Syria has attracted overseas investment totalling around $28 billion so far this year, President Ahmed Al Sharaa said on Wednesday at the Future Investment Initiative (FII) in Riyadh.
Sharaa said in a session attended by Saudi Crown Prince Mohammed Bin Salman that Syrian laws have been amended to allow foreign investors to transfer funds out of the country.
“We want to rebuild Syria via investments,” Sharaa said, adding the world can benefit from it as a “trade corridor.”
An address by Sharaa to global finance, banking and energy leaders would have been unthinkable just a few years ago.
The president cited the figure while speaking in Saudi capital Riyadh at the Future Investment Initiative conference, where he was touted as a special guest during the ninth-edition of the forum.
Crown Prince Mohammed Bin Salman joined the audience at the panel where the Syrian president was speaking.
Since Bashar Al Assad’s fall, “investments amounting to approximately 28 billion dollars have entered” the country, Sharaa said.
“The opportunity in Syria is enormous, and there’s room for everyone,” he added in a bid to assure potential investors at the conference.
“I believe that today the world will benefit greatly from Syria.
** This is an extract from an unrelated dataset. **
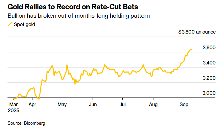 Котирування піднялися у вівторок 9 вересня на 0,3% і до 3647 доларів за унцію, перевищивши максимум, зафіксований напередодні.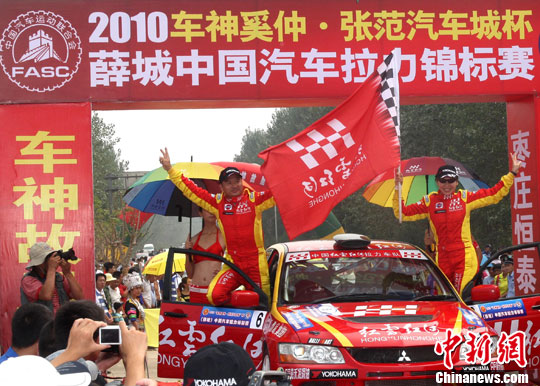 2010年“车神奚仲-张范汽车城”杯中国汽车拉力锦标赛9月17日在山东省枣庄市薛城区重燃战火。本站比赛是中国汽车拉力锦标赛(CRC)的第三站比赛。来自全国的20多支车队78辆赛车参加本站比赛,赛事全程约558公里,代表云南红云红河车队出战的香港车手陈自华夫妇通过发车台。中新社发 赵振清 摄

It will be an important commercial hub for transporting goods,” said the president.
Syria has begun the mammoth task of trying to rebuild its shattered economy, after over a decade of war saw tens of thousands killed, millions displaced and cities flattened.
For decades, the country was also unable to secure significant investments due to layers of sanctions targeting its government.
Earlier this month, the World Bank put a “conservative best estimate” of the cost of rebuilding Syria at $216 billion.
Since the overthrow of Assad last year, Saudi Arabia has been courting Damascus’s new leaders, as the kingdom seeks to draw closer the country long dominated by Iran and Russia.
In May, the Saudi Crown Prince convinced US President Donald Trump to promise to lift Syria sanctions.
He also arranged a landmark meeting between Trump and Sharaa, a former jihadist who spent five years in US custody in Iraq.
In April, Riyadh vowed alongside Qatar to settle $15 million in Syrian debt to the World Bank.